(TASK INSTRUCTIONS) After locating the line that contains "Салфетки новогодние бумажные", transcribe exactly that line and each one after it until the data ends, skipping pictures.
Segment Start: RECORDS FOR PROCESSING
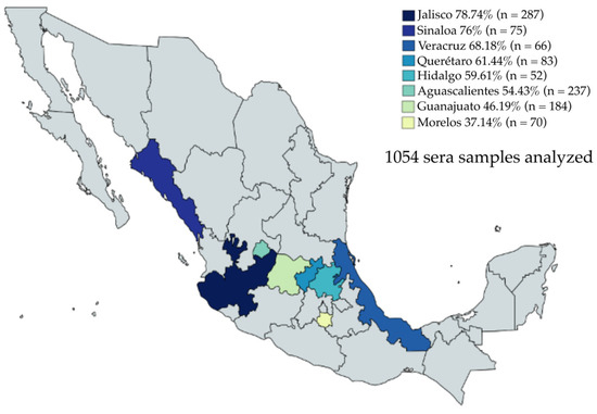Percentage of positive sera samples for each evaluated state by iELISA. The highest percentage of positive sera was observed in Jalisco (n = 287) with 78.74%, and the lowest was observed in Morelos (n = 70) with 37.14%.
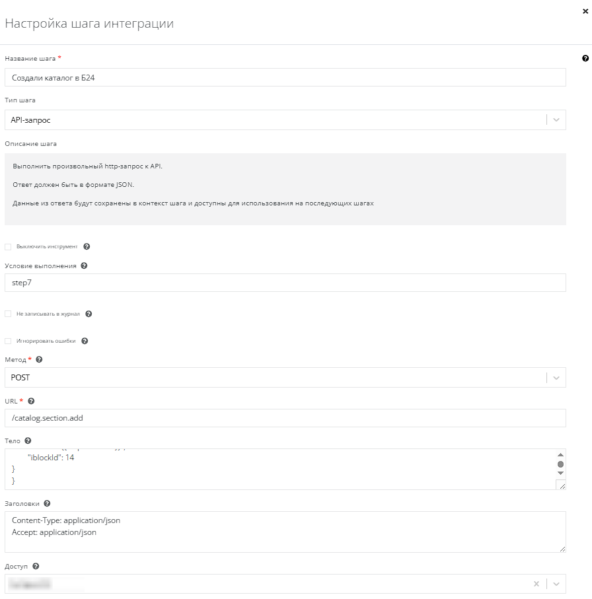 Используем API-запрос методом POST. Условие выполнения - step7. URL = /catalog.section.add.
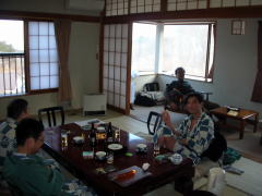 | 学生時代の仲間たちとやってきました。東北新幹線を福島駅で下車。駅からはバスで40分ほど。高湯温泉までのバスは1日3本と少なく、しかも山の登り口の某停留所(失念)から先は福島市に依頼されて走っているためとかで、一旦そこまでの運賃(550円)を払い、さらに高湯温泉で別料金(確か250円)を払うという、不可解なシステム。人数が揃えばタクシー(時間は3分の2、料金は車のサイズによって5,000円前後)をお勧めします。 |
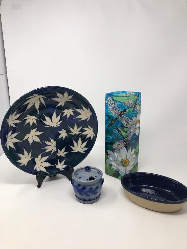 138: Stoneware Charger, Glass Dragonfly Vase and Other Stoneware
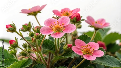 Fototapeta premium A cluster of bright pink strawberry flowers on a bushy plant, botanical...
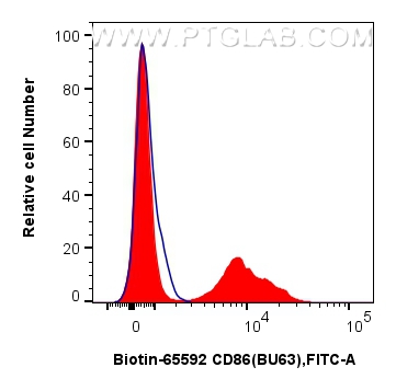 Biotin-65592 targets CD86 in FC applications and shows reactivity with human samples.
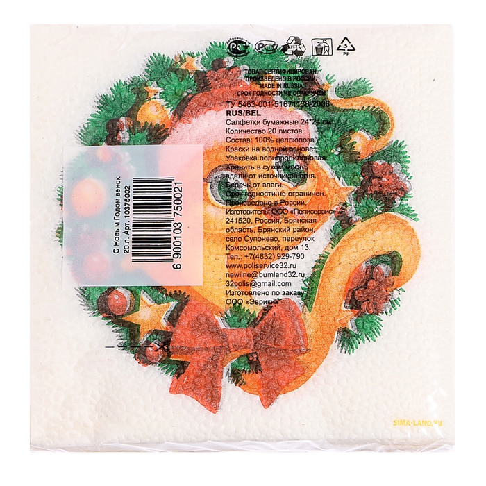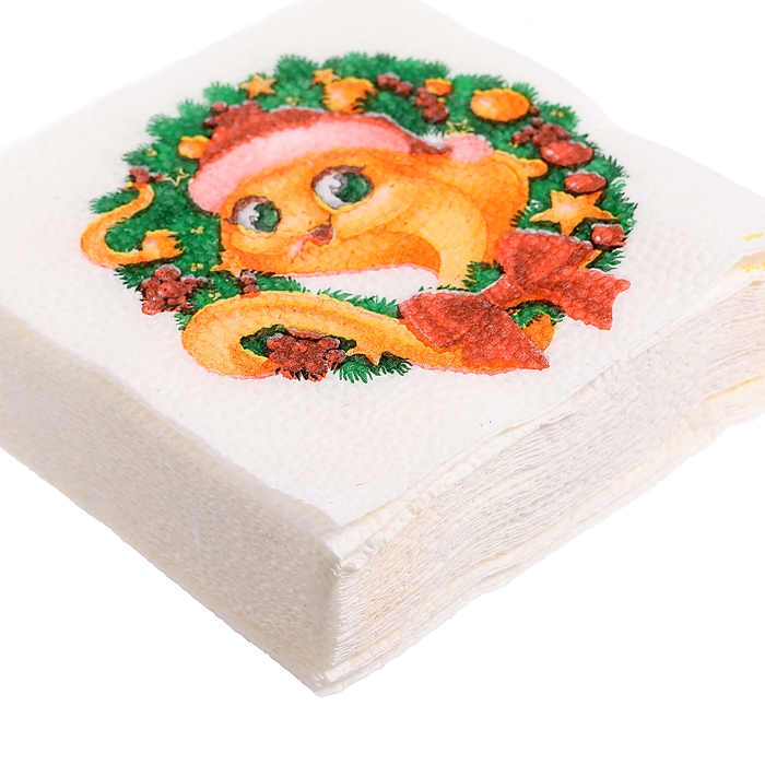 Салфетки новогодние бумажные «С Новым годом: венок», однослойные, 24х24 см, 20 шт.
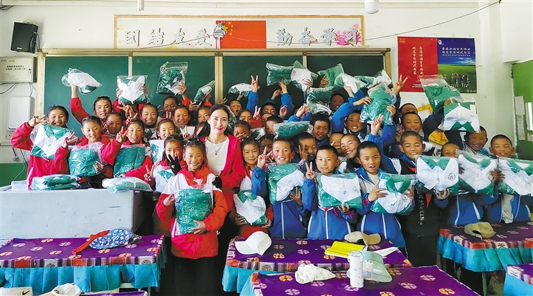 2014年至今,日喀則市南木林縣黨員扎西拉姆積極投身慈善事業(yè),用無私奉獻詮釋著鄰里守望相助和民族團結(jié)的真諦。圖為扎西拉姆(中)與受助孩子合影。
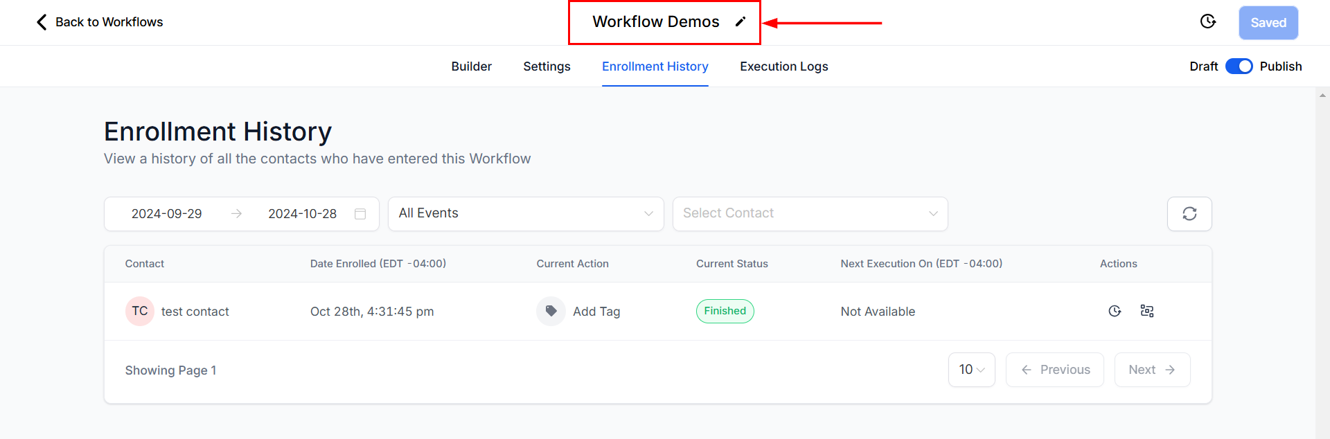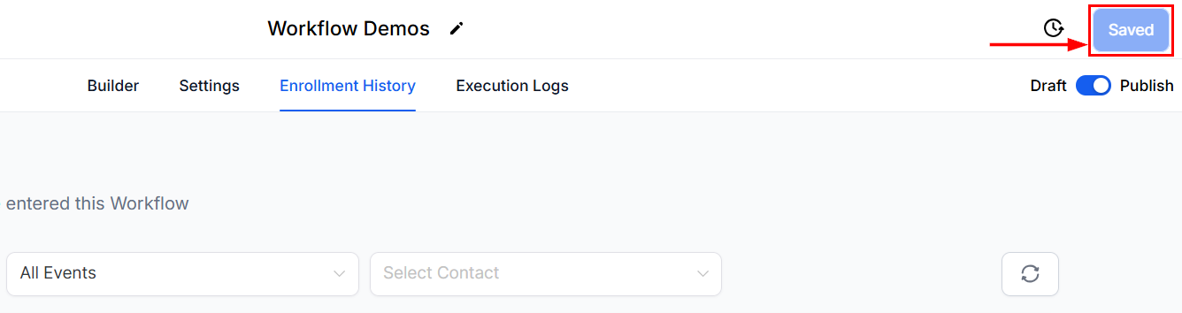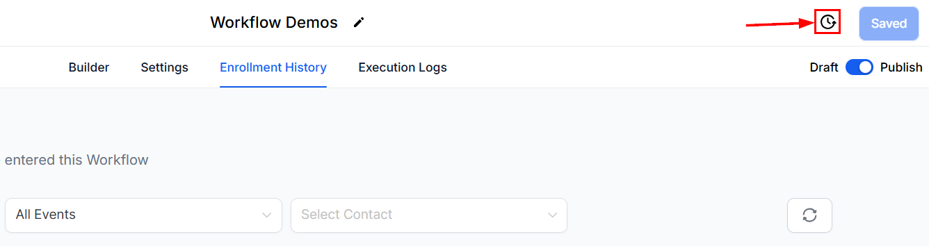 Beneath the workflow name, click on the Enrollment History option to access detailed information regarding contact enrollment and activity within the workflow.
Segment End: RECORDS FOR PROCESSING
(ANSWER TO THE PROBLEM)
 Салфетки новогодние бумажные «С Новым годом: венок», однослойные, 24х24 см, 20 шт.
 2014年至今,日喀則市南木林縣黨員扎西拉姆積極投身慈善事業(yè),用無私奉獻詮釋著鄰里守望相助和民族團結(jié)的真諦。圖為扎西拉姆(中)與受助孩子合影。
 Beneath the workflow name, click on the Enrollment History option to access detailed information regarding contact enrollment and activity within the workflow.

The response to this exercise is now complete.